Ce sont donc près de 46 % des électeurs interrogés qui ont modifié leurs votes entre les deux élections, le recul le plus important ayant été enregistré dans l’électorat du DP et de Déi Gréng "même si tous les partis sont touchés par ce phénomène", dit Philippe Poirier. Et de rappeler que 91 % des électeurs libéraux aux législatives de 2009 avaient voté DP aux européennes, tandis qu’ils n’étaient plus que 65 % en 2014, le parti Déi Gréng passant d’un taux de loyauté de 90 % en 2009 à un taux de 42 % en 2014.
Sur la question de la motivation des électorats, Philippe Poirier relève ce qu’il qualifie de vote "junckérien", à savoir "une surreprésentation" dans tous les électorats "du fait que l’on voulait que le candidat Jean-Claude Juncker devienne président de la Commission européenne", une réalité encore plus évidente chez les électeurs du CSV qui étaient 52 % dans ce cas.
L’équipe de chercheurs a également noté un autre phénomène qu’elle qualifie de "convergence des centre-droits". Ce phénomène se traduit notamment par les associations de votes préférentiels les plus fréquemment utilisées par les électeurs qui placent en tête de leurs choix les combinaisons "Déi Gréng/DP/CSV" et "DP-CSV", selon l’étude des bulletins réalisée par les chercheurs.
Une convergence qui serait d’ailleurs confirmée par le sondage post-électoral mené dans le cadre de l’étude, explique Philippe Poirier. Ainsi, dans les réponses portant sur les politiques publiques de l’UE, sur les traités et la gouvernance, les chercheurs ont observé une convergence "plus forte entre les libéraux et les chrétiens-sociaux qu’entre tous les autres partis", note le chercheur, "sauf dans le sud du pays où les électeurs socialistes et les électeurs chrétiens-sociaux ont une plus grande convergence politique".
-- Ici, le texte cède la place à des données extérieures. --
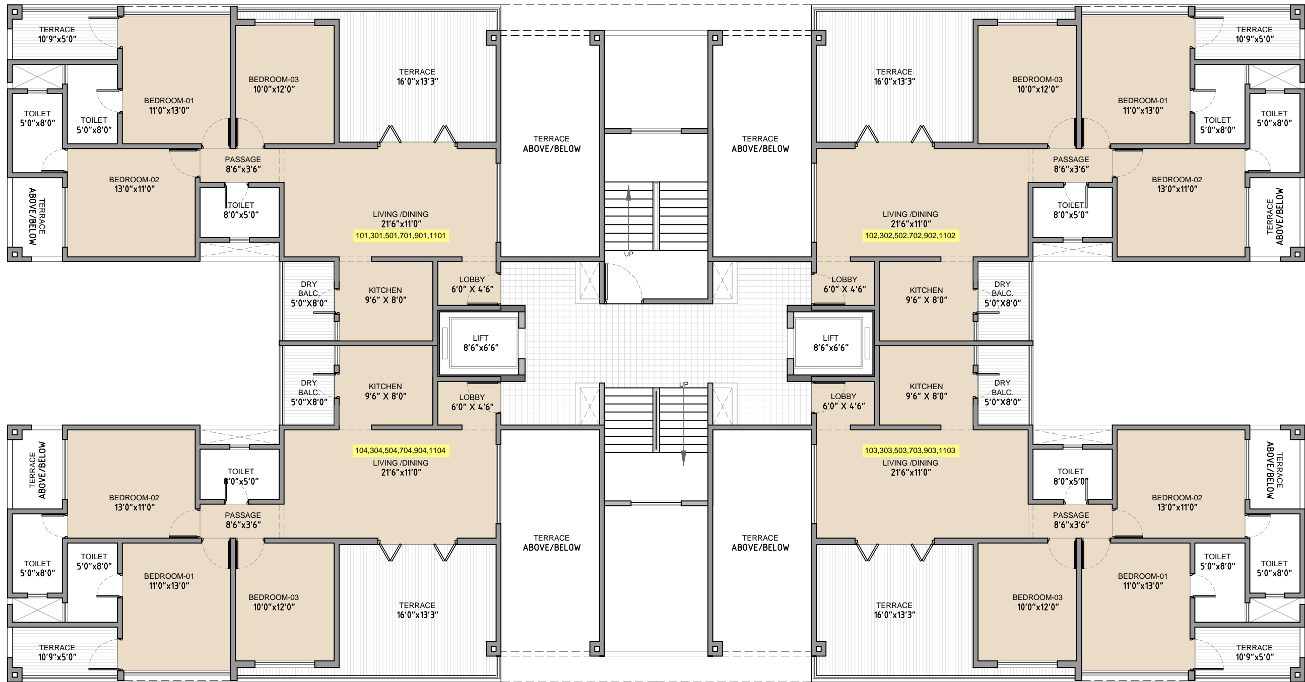
TYPICAL - ODD FLOOR PLAN 1,3,5,7,9,11th FLOOR PLAN BUILDING - E

Enfin, les chercheurs ont encore soumis aux sondés plusieurs questions relatives à la coalition au pouvoir, notamment de tirer un premier bilan du nouveau gouvernement. Un bilan jugé négatif par plus de 60 % des sondés dès juin 2014 qui est donc "un élément du vote des européennes", avance Philippe Poirier. "On n’est pas surpris de voir que les électeurs de l’ADR et du CSV sont les plus critiques à l’égard du bilan du gouvernement en place, mais le plus frappant entre décembre 2013 et mai 2014, c’est le déplacement au sein de l’électorat écologiste et de l’électorat libéral face à l’action du gouvernement, alors qu’en revanche, l’électorat socialiste se disait plutôt satisfait", poursuit-il.
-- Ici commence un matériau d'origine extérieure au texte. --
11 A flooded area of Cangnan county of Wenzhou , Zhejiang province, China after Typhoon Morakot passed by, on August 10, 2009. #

Déi Gréng comptait ainsi moins de 60 % de satisfaits, le DP un peu plus de 60 %, soit près de 40 % de leur électorat qui désapprouvait déjà le gouvernement en place, tandis que le LSAP se situait à plus de 70 %. "Les électeurs écologistes et libéraux ont une attitude de départ plutôt désappointée, mais ce n’est pas tant la sévérité de ce jugement qui est intéressante ici que ces mouvements constatés au sein des électorats", conclut le chercheur.